A Life of Gen. Robert E. Lee eBook

This eBook from the Gutenberg Project consists of approximately 615 pages of information about A Life of Gen. Robert E. Lee.

The subsequent operations of the opposing armies indicated clearly that the Southern forces were still in excellent fighting condition; and the movements of Lee, during the advance of General McClellan toward Warrenton, were highly honorable to his military ability.  With a force much smaller than that of his adversary, he greatly embarrassed and impeded the Federal advance; confronted them on the Upper Rappahannock, completely checking their forward movement in that direction; and, when they moved rapidly to Fredericksburg, crossed the Rapidan promptly, reappearing in their front on the range of hills opposite that city.  The battle which followed compensated for the failure of the Maryland campaign and the drawn battle of Sharpsburg.  General Burnside had attacked, and sustained decisive defeat.  The stormy year, so filled with great events and arduous encounters, had thus wound up with a pitched battle, in which the enemy suffered a bloody repulse; and the best commentary on the decisive character of this last struggle of the year, was the fault found with General Lee for not destroying his adversary.

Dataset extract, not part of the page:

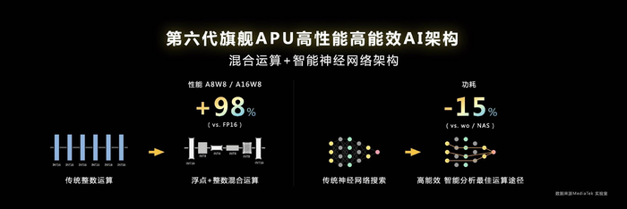高能效AI架构同样是天玑旗舰芯的杀手锏之一,集成的MediaTek第六代AI处理器APU,高能效AI架构不仅较上一代提升了35%的AI性能,还可大幅降低各类AI应用的功耗。
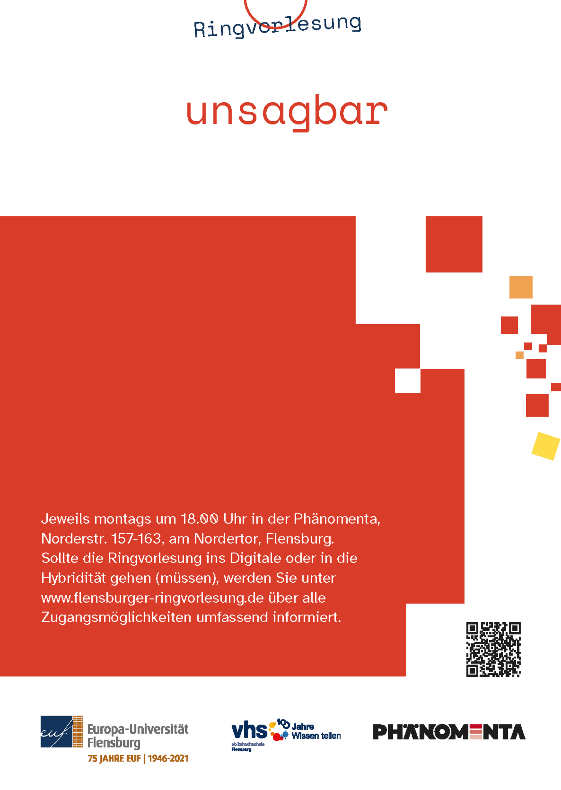 Die Flensburger Ringvorlesung wird gemeinsam von der Abteilung Physik und der Abteilung Anglistik und Amerikanistik organisiert. Sie findet seit 2013 mit einem jährlich wechselndem Oberthema in Kooperation mit der Phänomenta und der Flensburger Volkshochschule im Vortragssaal der Phänomenta statt. Das Thema der diesjährigen Reihe ist "unsagbar" – es soll dazu eingeladen werden, einige Grenzen auszuloten, die sich der Wissenschaft stellen: Was ist Sagbar innerhalb der Disziplin, was ist unsagbar, was unsäglich und wo versagt die Disziplin vor Fragen – vielleicht auch, weil diese außerhalb des Gegenstandsbereichs dieser Fragen liegen. Wie verändert sich das, was sagbar ist, wie wird ehedem sagbares zu unsagbaren/unsäglichem, und wie wird unaussprechliches vielleicht doch Teil des wissenschaftlichen Diskurses? Dies sind Fragen, mit denen sich die Vorträge der Ringvorlesung beschäftigen werden.

In less than six months Lee had thus fought four great pitched battles—­all victories to his arms, with the exception of Sharpsburg, which was neither a victory nor a defeat.  The result was thus highly encouraging to the South; and, had the Army of Northern Virginia had its ranks filled up, as the ranks of the Northern armies were, the events of the year 1862 would have laid the foundation of assured success.  An inquiry into the causes of failure in this particular is not necessary to the subject of the volume before the reader.  It is only necessary to state the fact that the Army of Northern Virginia, defending what all conceded to be the territory on which the decisive struggle must take place, was never sufficiently numerous to follow up the victories achieved by it.  At the battles of the Chickahominy the army numbered at most about seventy-five thousand; at the second Manassas, about fifty thousand; at Sharpsburg, less than forty thousand; and at Fredericksburg, about fifty thousand.  In the following year, it will be seen that these latter numbers were at first but little exceeded, and, as the months passed on, that they dwindled more and more, until, in April, 1865, the whole force in line of battle at Petersburg was scarcely more than thirty thousand men.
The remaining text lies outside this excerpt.